2. The method defined in claim 1 including the step of providing elastic members such that about 3 to 12 pounds of tension is created in the elastic members during the down stroke of the pedals.
3. The method defined in claim 2 wherein the elastic members are incorporated in a body garment worn by the cyclist.
4. The method defined in claim 2 further including the step of mounting on the feet elastic foot members that stretch and store energy when the foot is flexed downwardly during pedaling on the downstroke and that assist the foot to flex upwardly during pedaling on the up stroke, and wherein the foot members are constructed to generate about 2 to 4 pounds of tension force during stretching on the downstroke.
5. The method defined in claim 2 including the step of attaching the feet to the pedals of the cycle such that the pedals are positively raised by the feet on the up stroke.
6. The method defined in claim 1 including the steps of mounting a waist member about the waist of the cyclist and attaching the elastic members to the waist member as well as the feet.
7. The method defined in claim 6 including the step of using two elastic members on opposite sides of each of the calves of the cyclist's legs.
8. The method defined in claim 1 wherein the elastic members are incorporated in a body garment worn by the cyclist.
9. The method defined in claim 1 further including the step of mounting on the feet elastic foot members that stretch and store energy when the foot is flexed downwardly during pedaling on the downstroke and that assist the foot to flex upwardly on the up stroke to assist the up stroke, and mounting said foot members to longitudinally extend between the ankle and toe areas of the feet.
10. A method defined in claim 1 including the step of providing elastic members such that about 6 pounds of tension is created in the elastic members during the downstroke of the pedals.
11. The method defined in claim 1 including the step of attaching the feet to the pedals of the cycle such that the pedals are positively raised by the feet on the upstroke.
12. The method defined in claim 1 wherein the elastic members are elongated elastic straps.
13. A method of operating a cycle to obtain increased speed performance, the method including the steps of applying elastic members to the legs such that the elastic members will stretch on the downstroke and contract on the upstroke of the pedals to generate and release energy for assisting rotation of the pedals of the cycle, and operating the cycle with the elastic members on the legs and with the feet attached to the pedals such that the pedals are positively pulled upwardly on the upstroke with assistance from the elastic members.
14. The method defined in claim 13 including the step of providing elastic members such that about 3 to 12 pounds of tension is created in the elastic members during the downstroke of the pedals.
15. A method defined in claim 14 including the step of providing elastic members such that about 6 pounds of tension is created in the elastic members during the downstroke of the pedals.
16. The method defined in claim 13 wherein the elastic members are connected to the legs above and below the knees and extend generally to the area of the ankles.
Description
BACKGROUND AND OBJECTS OF THE PRESENT INVENTION

The present invention generally relates to methods and apparatus for operating a cycle such as a bicycle.

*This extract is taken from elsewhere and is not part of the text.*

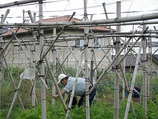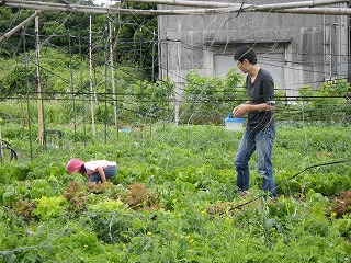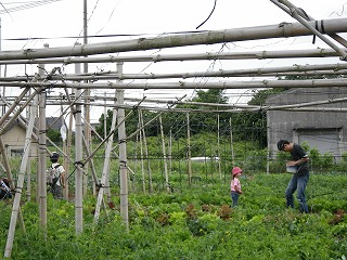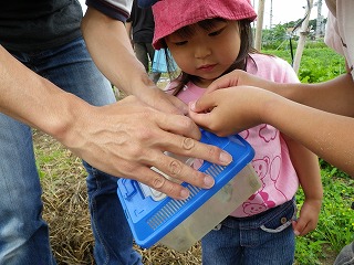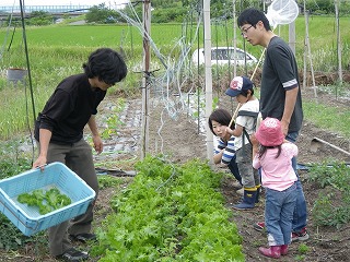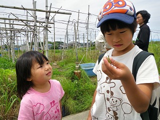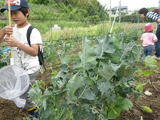 【左】モンシロチョウ採集 【中】収穫途中で虫解説 【右】トノサマバッタ採集

In recent years including the present, bicycling and other cycling whether for entertainment, sport or exercise has greatly increased in popularity. This has spawned many inventions and developments in this field primarily aimed at increasing performance of the cycle. These innovations for the most part have concentrated on the cycle itself for example by improving the operation of the various parts and also decreasing the overall weight of the cycle by using lightweight materials. In contrast to the latter areas of invention and development, the present invention takes an entirely novel approach by focusing on the performance of the cyclist rather than the cycle itself.

Accordingly one of the objects of the present invention is to provide a novel and improved method and device for increasing the performance of a cyclist during bicycling or other cycling. Included herein is the provision of such method and device for increasing the speed performance obtainable by the cyclist for a given cycle or bicycle.

Another object of the present invention is to provide a novel method and device for generating energy for transfer to the legs of a cyclist to increase performance of the cyclist in rotating the pedals and sprocket of the cycle. Included herein is the provision of such method and device which maybe used to increase the speed of operation of a cycle for a given cyclist and a given cycle.

A further object of the present invention is to provide novel method and apparatus as described above that may be applied to virtually any cyclist for increasing the cyclist's performance and speed on a cycle. Included herein is the provision of such method and apparatus that can be utilized to decrease the imbalance that may exist between the hamstring and quadriceps muscles of a cyclist thereby increasing the performance of the cyclist.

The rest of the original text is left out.